Unnamed: 0,PATIENT_ID,v0,v1,v2,v3,v4,v5,v6,v7,v8,v9
0,3,-0.026869,0.003544,-0.067632,0.007149,-0.019579,0.012598,0.039725,0.012359,-0.00272,0.00542
1,4,-1.025537,-0.915222,0.135088,0.506937,0.046075,0.790646,-0.736051,-0.174529,-0.203942,-0.047053
2,6,-0.835222,-0.685774,0.319621,-0.05312,-0.135096,-0.106425,0.025238,-0.039275,-0.00103,-0.02668
3,7,-0.46578,-0.495243,0.08706,0.222816,-0.009257,0.530207,-0.5758,-0.017807,-0.002585,0.176052
4,9,-0.065967,0.046649,-0.009301,0.070871,0.131696,0.014793,-0.015506,-0.036466,0.100262,-0.003387


### Calculate K-Means

In [5]:
_table_np = _table_df.iloc[:,1:].as_matrix().astype(np.float64)
_table_np.shape

  """Entry point for launching an IPython kernel.


(19092, 10)

In [6]:
from sklearn.cluster import KMeans
PAT_CLUSTERS = 6
_pat_means = KMeans(n_clusters=PAT_CLUSTERS, random_state=0).fit(_table_np)

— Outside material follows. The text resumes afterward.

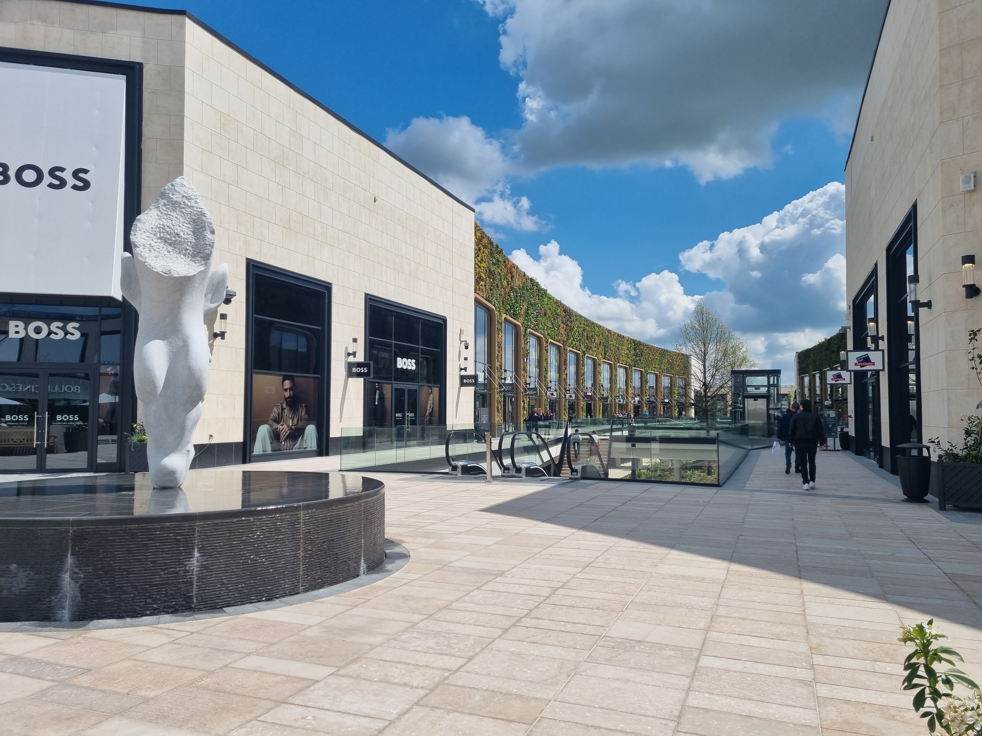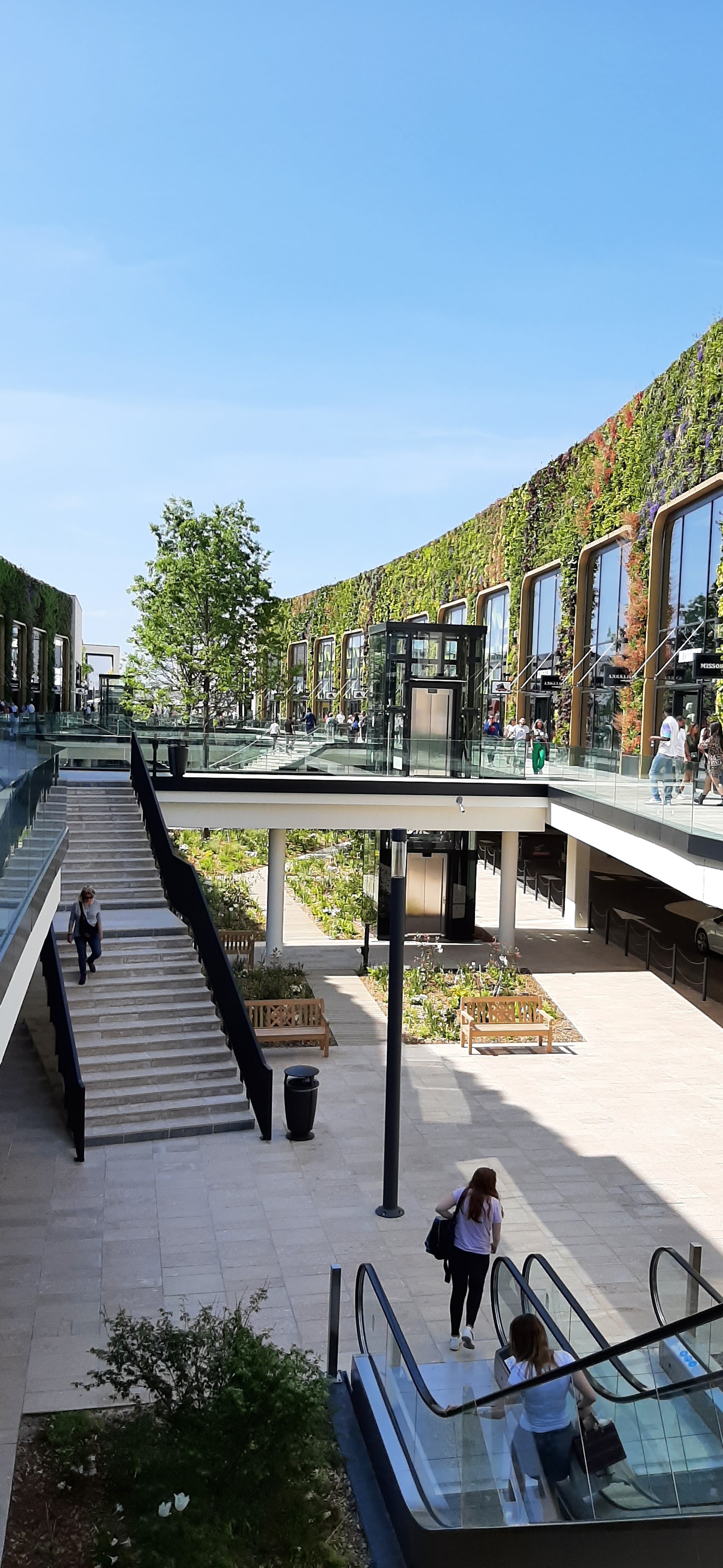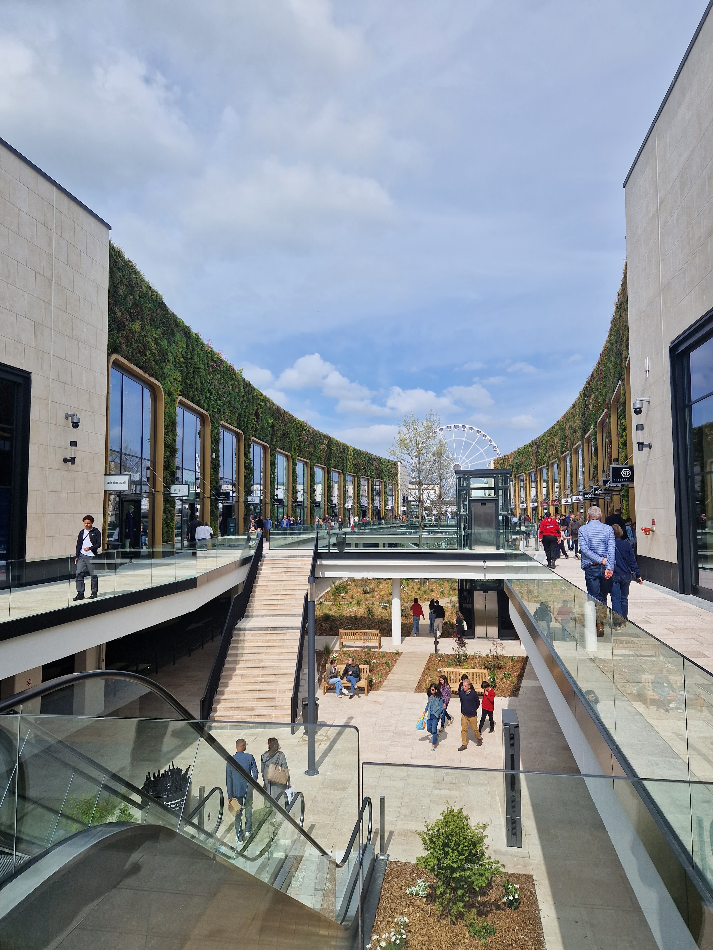 1ère visite ce jour en milieu d’après midi, j’ai un avis plutôt mitigé. L’accès au parking à l’arrivée et à la sortie s’est fait sans problème, c’était très fluide, l’accès aux boutiques depuis le parking: très bien conçu, en revanche, au niveau de l’architecture vu de l’extérieur c’est affreux, froid, mais c’est une jolie surprise sur l’intérieur, je trouve que c’est superbe : les murs végétalisés, les sculptures, un peu de plantation partout. Concernant les enseignes, il y a de quoi satisfaire tout le monde, mais selon moi ce n’est pas « outlet », voir pas du tout.

### Create a combined dataframe of counts and means

In [7]:
# get counts of means
_labels_df = pd.DataFrame(_pat_means.labels_, columns=['idx'])
_counts_df = _labels_df.groupby('idx').size().reset_index(name='count')

# create a combined dataframe
_centroids_df = pd.DataFrame(_pat_means.cluster_centers_, columns=_table_df.columns[1:])
_means_df = pd.concat([_counts_df, _centroids_df], axis=1)
_means_df

Unnamed: 0,idx,count,v0,v1,v2,v3,v4,v5,v6,v7,v8,v9
0,0,17066,-0.027381,0.011948,-0.009277,0.028651,-0.008627,-0.00725,0.005802,0.004578,0.000861,-0.009877
1,1,723,-0.315924,0.372343,0.14427,-0.126296,-0.227225,0.052531,-0.013767,-0.022696,0.004067,-0.010314
2,2,132,-0.597413,0.014181,-1.120111,-0.411596,0.003652,-0.105453,-0.063343,0.010559,-0.006784,0.02097
3,3,815,-0.268761,0.252776,0.05479,0.046236,0.284102,-0.045891,0.03955,0.015015,-0.029403,0.031381
4,4,270,-0.821194,-0.668013,0.263128,-0.066257,-0.018686,-0.083977,0.050015,0.003429,-0.005255,-0.003538
5,5,86,-0.516344,-0.085217,-0.134201,0.605587,0.038393,0.738047,-0.712726,-0.010521,0.009624,0.139909


### Save k-means table to Kinetica

In [8]:
def save_results(df, res_table, schema='KAISERS_SQL'):
    _result_type = [[df.columns[0], gpudb.GPUdbRecordColumn._ColumnType.INT],
                    [df.columns[1], gpudb.GPUdbRecordColumn._ColumnType.INT]]
    
    for _col_name in df.columns[2:]:
        _result_type.append([_col_name, gpudb.GPUdbRecordColumn._ColumnType.DOUBLE])

    _db.clear_table(res_table, options={ 'no_error_if_not_exists':'true' })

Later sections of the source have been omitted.